Tildrakizumab plus topical halcinonide ointment is safe and effective in controlling psoriasis for patients inadequately responding to tildrakizumab monotherapy.Bagel J, Novak K, Nelson E. Tildrakizumab in combination with topical halcinonide 0.1% ointment for treating moderate to severe plaque psoriasis.
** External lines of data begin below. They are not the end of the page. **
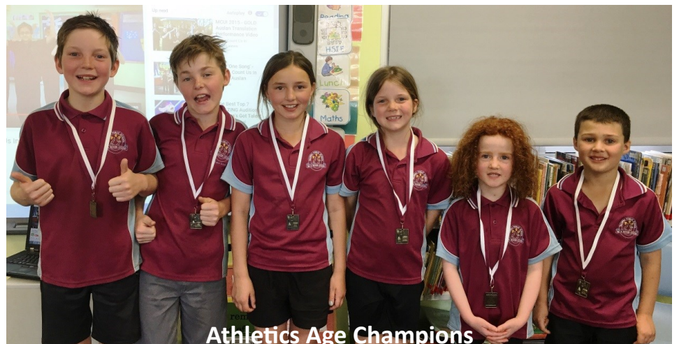
Athletics Age Champions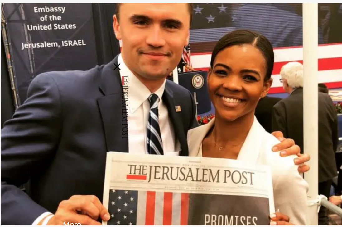
Candace Owens (R) and Charlie Kirk (L) holding a copy of The Jerusalem Post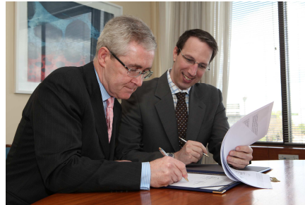
UCD signs Memorandum of Understanding with IMPACT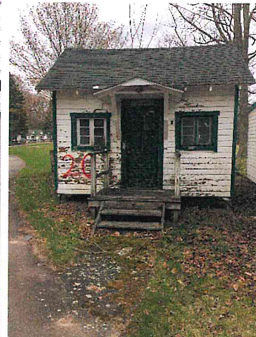
Building #20 Ottawa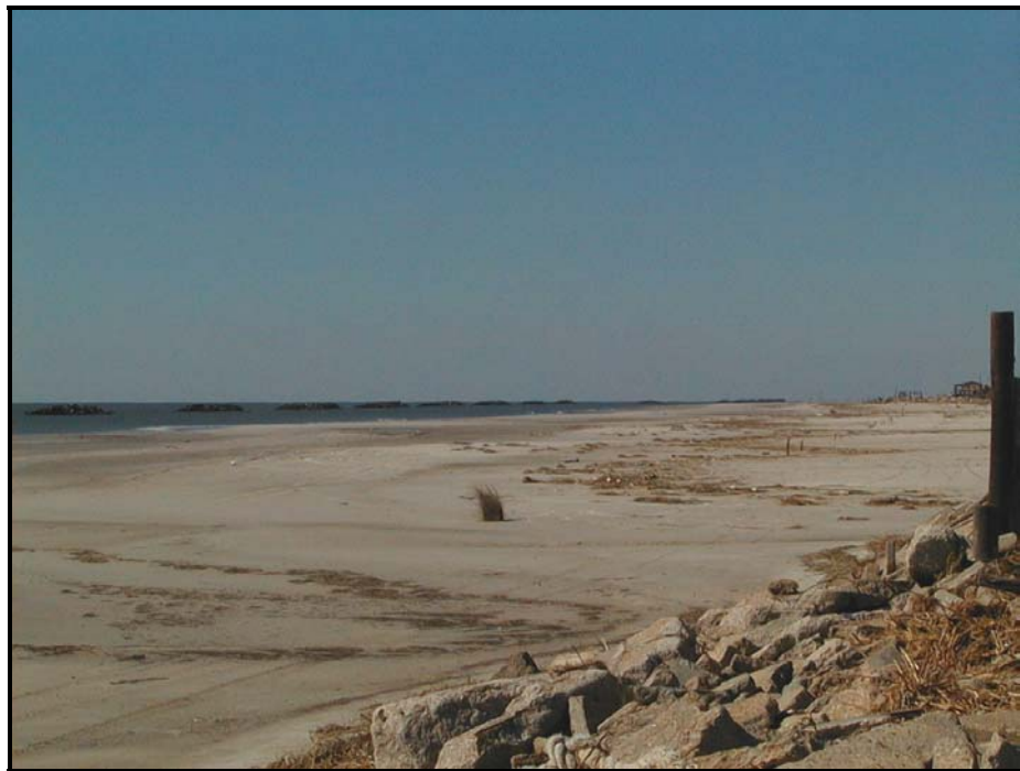
Photo 2, Close up view of beach head with rock breakwaters in the background.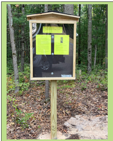
Pine Forest Loop Trail marker. Parking and public access off Business 31, across from the Pines Motel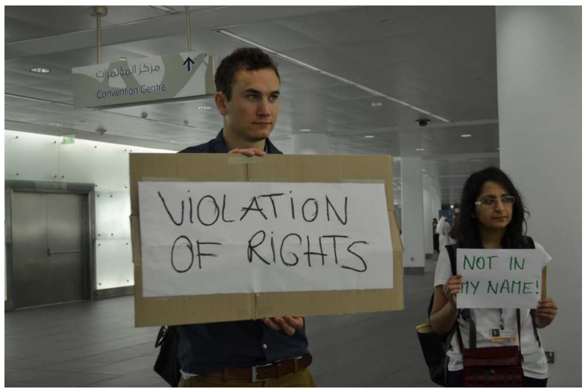
Participants in an action led by Women and Gender NGOs at COP18 in Doha, Qatar, decrying the lack of sincere and effective actions on the part of the countries from the Global North.

Furthermore, current mitigation strategies are often based on market or payment-related mechanisms which lack a gender or long-term social justice perspective. For example, the current promotion and use of biofuels has been taken forward without gender and environmental analyses that might have predicted their high social cost when they compete with food crops or are grown for industrial uses that do not contribute to development of the local community; and that their production can be just as bad for the climate when full lifecycle emissions are taken into account. Other mitigation strategies that prioritize carbon sequestration may also affect the relationship between women, especially indigenous women, and the forest, especially if access to traditional territories is restricted or banned for conservation purposes.<sup>167</sup> Many such strategies fail to prioritize local community benefits or consider the implications for women in terms of unequal land tenure rights. Ultimately they are likely to reduce access to forest resources, include water, food, fuel and other resources necessary for sustainable livelihoods.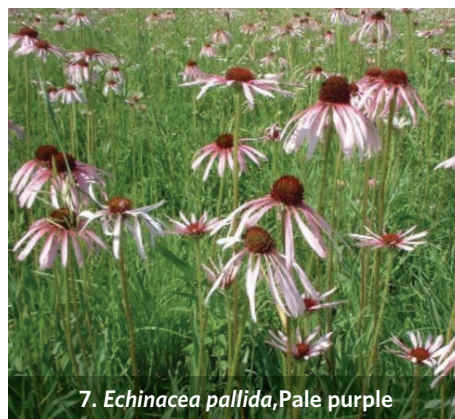
7. Echinacea pallida , Pale purple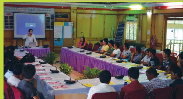
Orientation on Spring-shed Conservation to villagers in Darjeeling

Under Schools & Neighborhood Sanitation initiatives, Tata Housing has reached out to more than 15 thousand people during the year 2013-14 and created sanitation awareness among them. During the same year, it has constructed 315 individual family toilets for the poor at village Patharghata near Kolkata, Gurgaon in Haryana and in three villages near Ahmedabad. It has also constructed toilets in many schools across locations where it has presence. Company's 'clean toilets-green homes' drive has attracted huge public participation across India and is much acclaimed by all concerned. It has plans to construct five thousand toilets by 2017-18.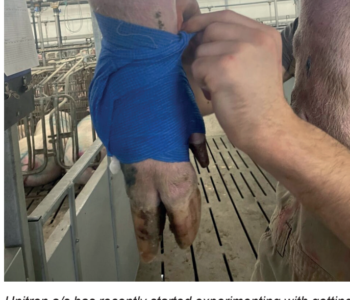
Unitron a/s has recently started experimenting with getting people to put bandages on hoof blisters and damage to the sows. It saves some sows from being euthanized so that they can be sent to slaughter instead.

The PiggyTrim hoof trimming box is operated with two buttons and there are no locking mechanisms to remember. The box locks automatically when it is raised. It is also a legal requirement that the safety equipment is checked once a year.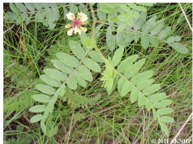
Cicer milkvetch ( Astragalus cicer L.)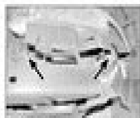
4.66 Wash the washer and remove the bumper plate bolts under each headlight (arrowed) ...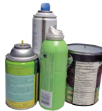
Aerosol (empty) & tin cans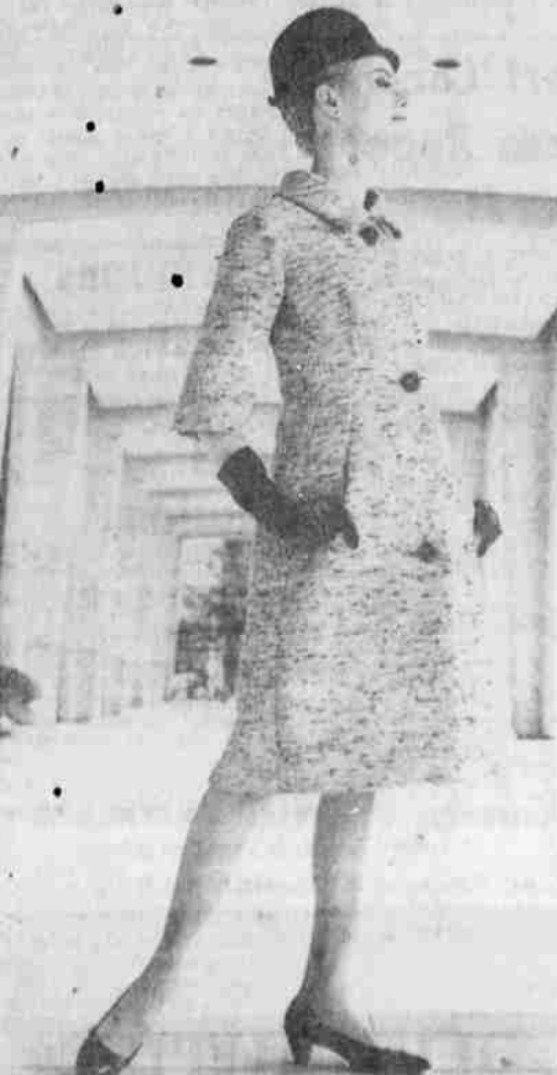
ON THE FASHION SCENE — The fabric industry has cooked up a whole soufflé of lightweights for spring. Elegantly sweeping into the foreground of the spring scene is this tweed coat from the 1963 collection of Monte-Sano and Pruzan. With three-quarter sleeves, it features a princess line done in a Lesur tweed of grey, black and white colors that blend in a semi-flat texture. Three large novelty buttons dot the front closing.

INCOME TAXES See Your Reliable Income TAX CONSULTANT CHAS. HATHAWAY Auditing - Bookkeeping 120 N. 10th TU 4-5473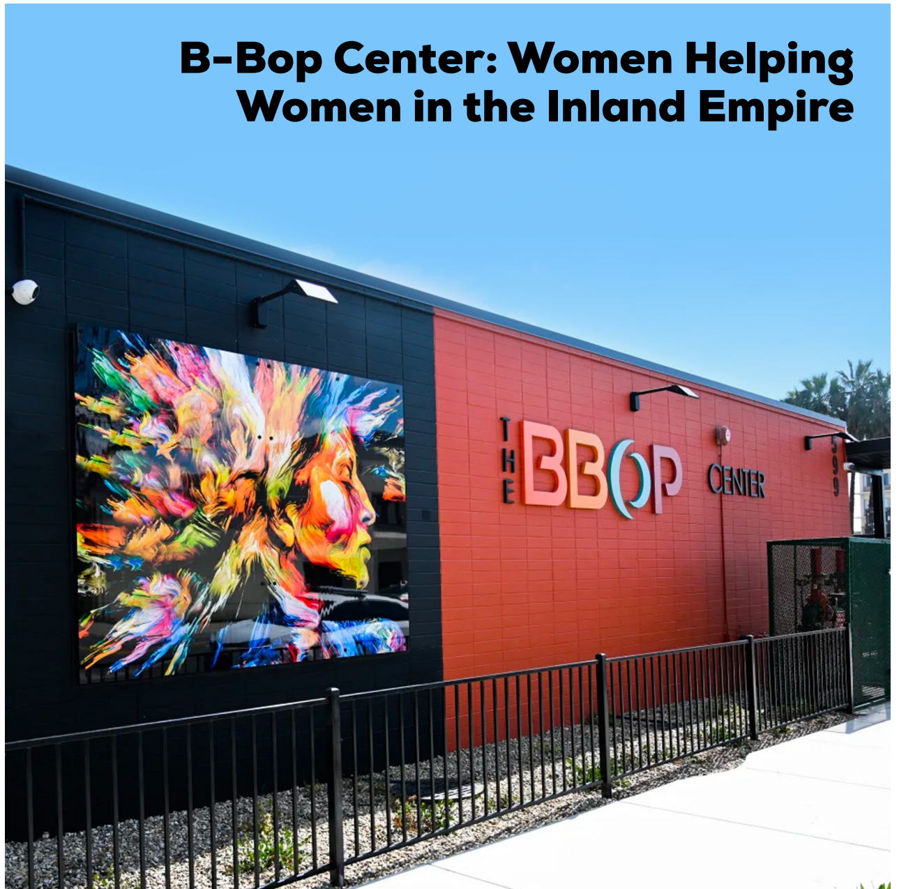
On Wednesday, March 15th, The Black and Brown Opportunities for Profit(B-BOP) Center opened its doors for the first time to an enthusiastic crowd.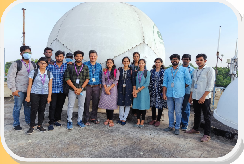
Students' visit to IMD, Chennai—weather Radar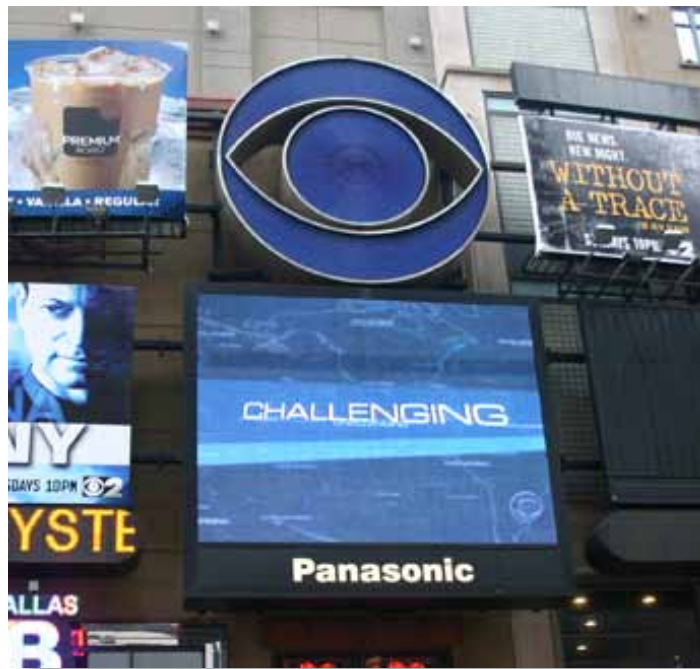
CBS Spectacular located on 42 nd Street

Neutron Media Inc. in association with CBS, is making available a truly unique and amazing opportunity for advertisers to get their message to the millions of consumers that emerge from hibernation after the long winter.

J Drugs Dermatol. 2023;22(8):766-772. doi:10.36849/JDD.6830.

摘要

背景

这项前瞻性、开放标签研究评估了替度鲁单抗联合外用哈西奈德软膏在银屑病患者中的疗效和安全性。

方法

年龄大于等于 18 岁的中重度斑块状银屑病患者(体表面积 [BSA]大于等于 10%,医生整体评估 [PGA]大于等于 3,银屑病面积严重指数 [PASI]大于等于 12)接受替度鲁单抗(100mg;皮下注射),在第 0、4 和 16 周。第 16 周 BSA 大于 3%的患者接受哈西奈德 0.1%软膏每日两次外用共 4 周(第 20 周),并在第 24 周继续随访;第 16 周 BSA 小于或等于 3%的患者在第 24 周继续随访。

结果

共纳入 25 例患者(平均年龄 52.6 岁;68%为男性)。第 16 周所有患者 BSA 小于或等于 3%的比例为 52.2%,第 20 周为 73.7%(第 16 周 BSA 大于 3%的患者在接受哈西奈德治疗 4 周后),第 24 周为 84.2%(哈西奈德停药后 4 周)。所有患者在第 16 周 PASI75 的比例为 60.9%,第 20 周和第 24 周为 73.7%。使用哈西奈德的患者,从第 16 周开始,BSA、PGA 和 PGA x BSA 的平均改善分别为 55%、29%和 64%,第 20 周分别为 78%、51%和 88%,并持续至第 24 周。替度鲁单抗单药治疗和联合哈西奈德可改善生活质量。不良事件(AE)少见。未观察到严重 AE 或因 AE 而停药。

结论

替度鲁单抗联合外用哈西奈德软膏治疗替度鲁单抗单药治疗应答不足的中重度斑块状银屑病安全有效。